Friday, August 18, 2006

Low Income Flats: More Polemics

Ever since Jusuf Kalla's statement, low-income vertical housing (flats) are gaining attention. Jakarta's Deputy Governor Fauzi Bowo rebutted the VP's call to build 20-storey flats in all cities with more than 2 million. He said, "to build flats we need a wide area. We just don't have that kind of land in the middle of the city." Fathi R Shidiq from the Parliament exacerbated the logic of this whole argument by saying "if the government forces its will to build low-income flats in the middle of the city, then get ready to confront the urban poor."

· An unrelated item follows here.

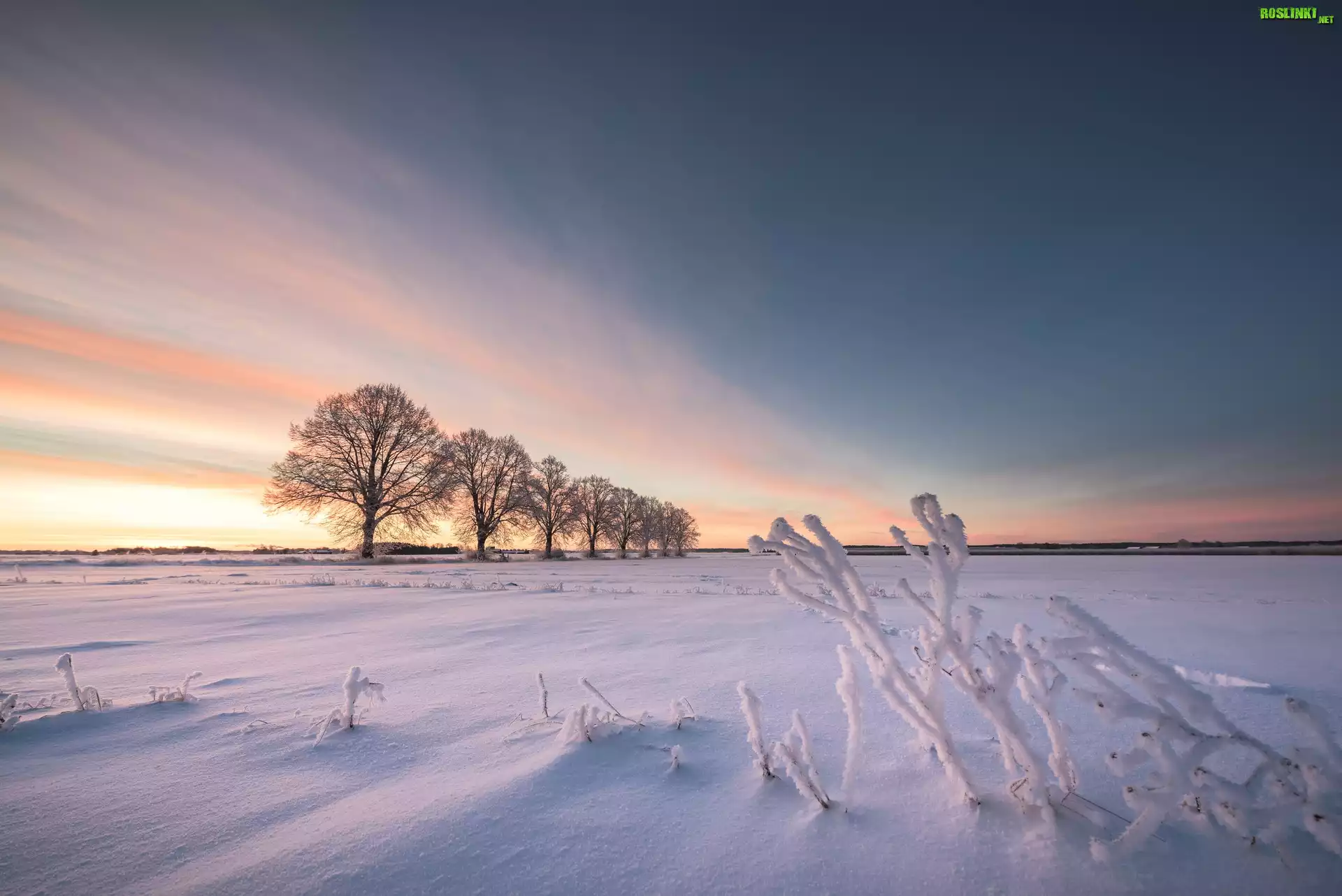 Rośliny: Szwecja, Hrabstwo Uppsala, Zima, Pole, Drzewa

What interesting statements. Here's my response:
  1. To Mr. Bowo: Isn't vertical housing invented as a solution to the issue of land shortage? Your reason to disagree with flats is all the more reason to build it.
  2. To Mr. Shidiq: Won't these flats be built FOR the urban poor? If they can still stay in the same strategic area of the city, with secure tenure, then why should they oppose it? Unless you're saying that usually what happens is that the poor previously living in the area get evicted, and that the flats in the end are occupied by the middle class...
It seems like building these flats is not as simple as the VP may have thought, eh?

PS:
1) Pak Darrundono, in another article, provided the more institutional and cultural challenges of flats provision. These include such flats being too product oriented, too expensive, exclusive to the private sector and tenants, weak on management, opposes the principle of government as "enabler," transplanted into Indonesia from other cultures, are difficult to accept by the low-income population since to live in such flats, hey have to undergo a sudden change of culture.
2) Another article profiles Jakarta's attempt to redevelop the Pulomas flats in Jakarta into a middle class settlement.
3) Photo above portrays the chaotic utility (water) pipes in the Penjaringan Flats.